Task instructions
Begin your copy at the line that holds "Inner: Soft Leather" and carry it through the final line of the data, writing out each line exactly and omitting pictures.

Recorded data
↓↓↓
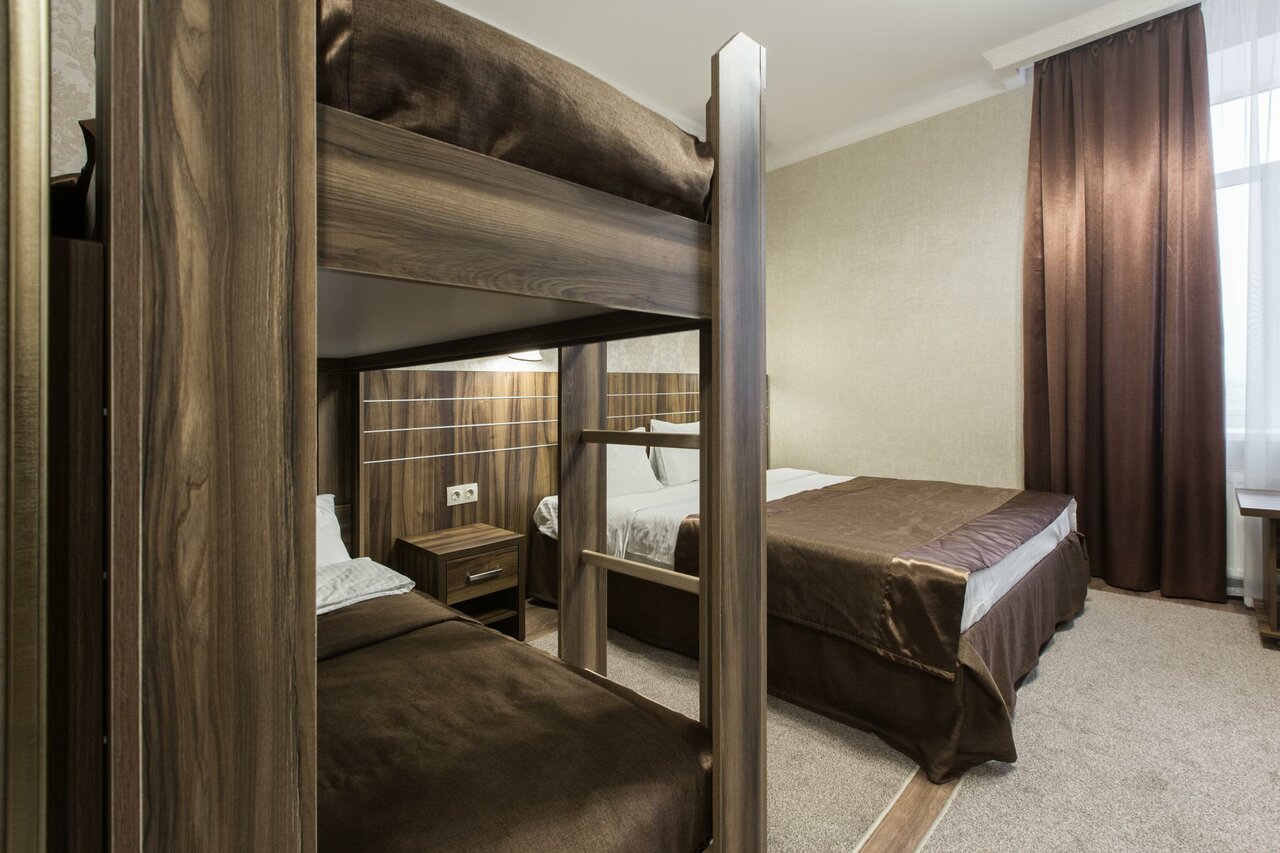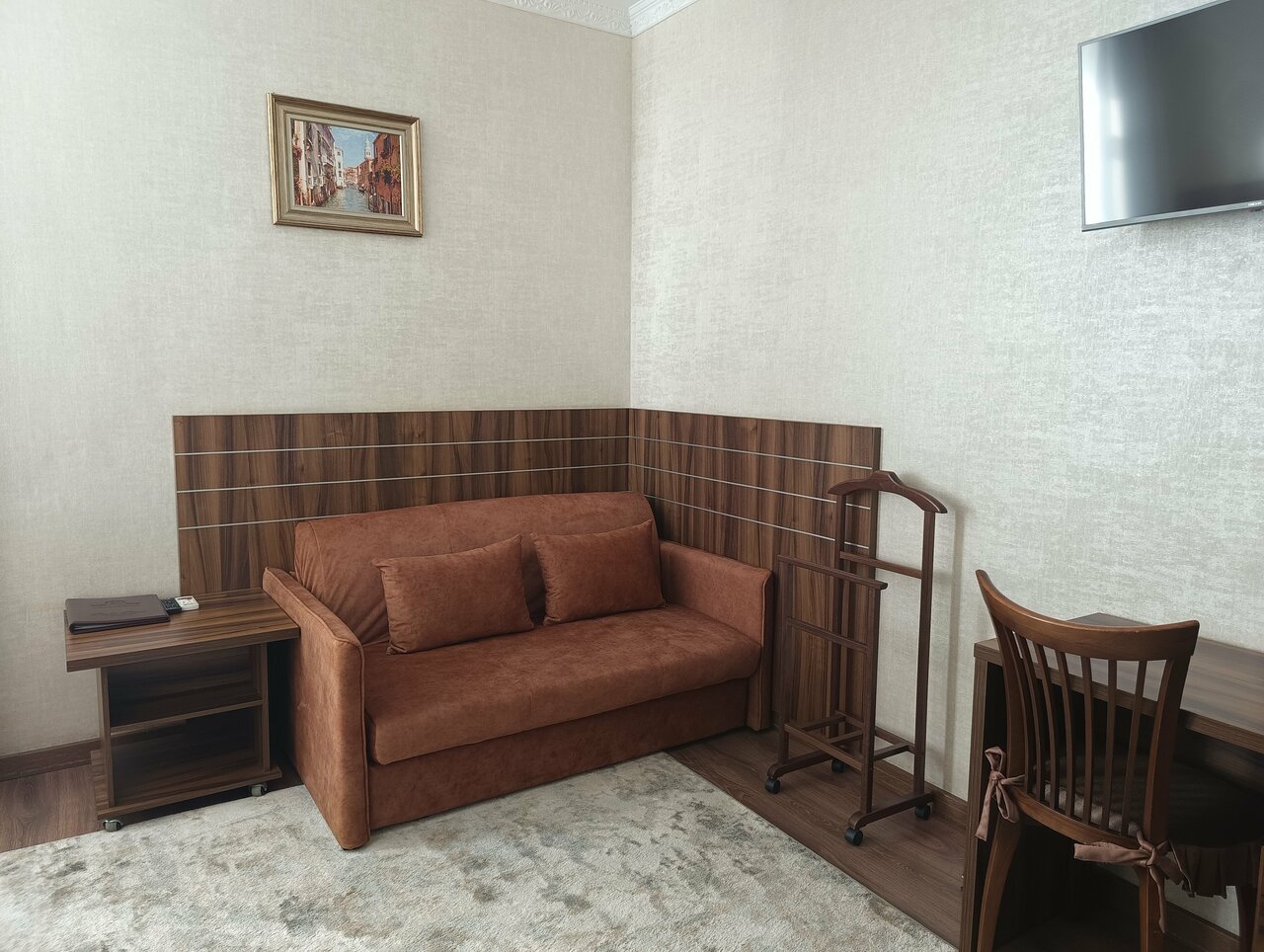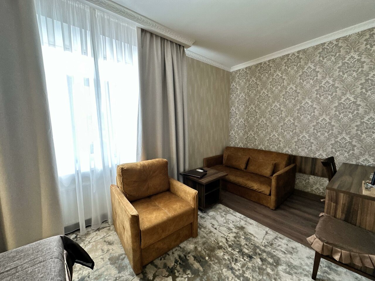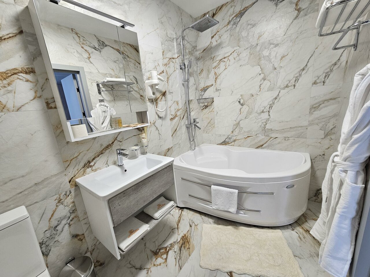 Шикарный отель. Номер огромный, останавливались двое взрослых и трое детей. Спальных мест всем было предостаточно. В номере полотенца, халаты, туалетные принадлежности, огромный телевизор, кондиционер, холодильник, сейф. Все очень достойно. Номер чистый, новый, приятно было находиться. А завтраки в их кафе это просто произведение искусства! Спасибо! Надеюсь мы еще к вам вернемся.
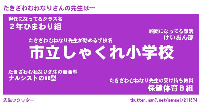 | 肩書あだ名 | 『たきざわむねなり御曹司』 |
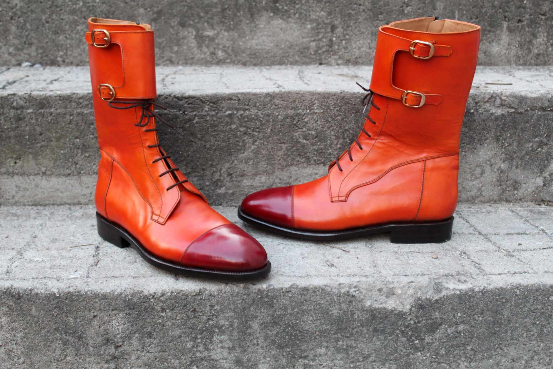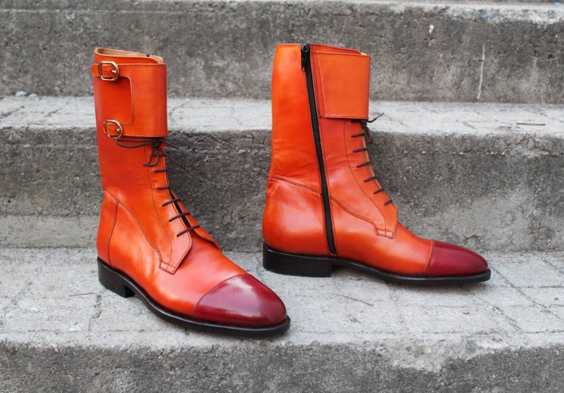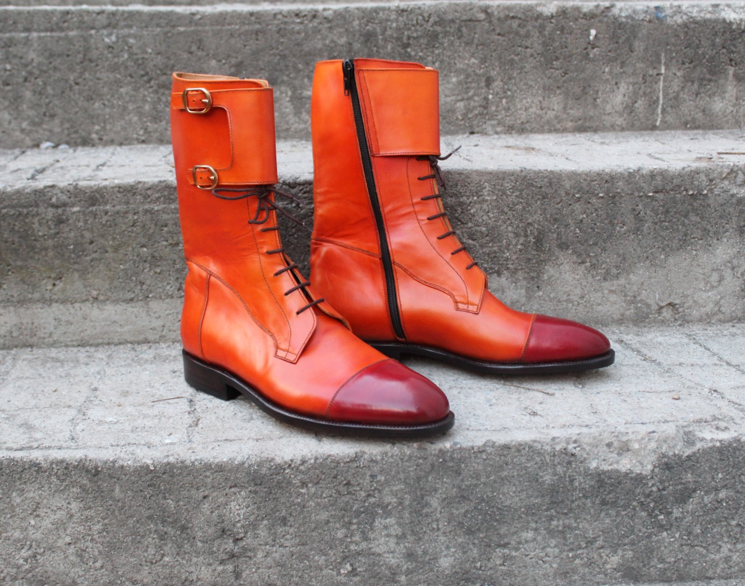 Inner: Soft Leather Sole: Leather Gender : Male Heel: Leather Color: Tan Brown Style: Ankle High Buckle Boot Lining Soft Calf Leather Lining Totally Hand stitched Manufacturing time 7-10 business days If you can’t find your Size/Color just send us message we will make for you.
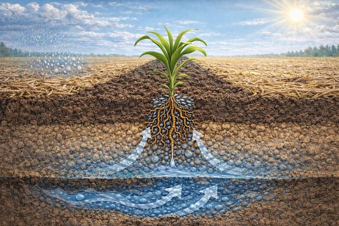 Завдяки такій системі дощова вода швидше потрапляє в зону кореневої системи та краще зберігається в нижніх шарах. Локальне внесення добрив у розпушену смугу забезпечує їх швидке розчинення та доступність для рослин на ранніх етапах розвитку. Це зміцнює кореневу систему, роблячи посіви стійкішими до посухи чи заморозків.
↑↑↑
Output for this task
 Inner: Soft Leather Sole: Leather Gender : Male Heel: Leather Color: Tan Brown Style: Ankle High Buckle Boot Lining Soft Calf Leather Lining Totally Hand stitched Manufacturing time 7-10 business days If you can’t find your Size/Color just send us message we will make for you.
 Завдяки такій системі дощова вода швидше потрапляє в зону кореневої системи та краще зберігається в нижніх шарах. Локальне внесення добрив у розпушену смугу забезпечує їх швидке розчинення та доступність для рослин на ранніх етапах розвитку. Це зміцнює кореневу систему, роблячи посіви стійкішими до посухи чи заморозків.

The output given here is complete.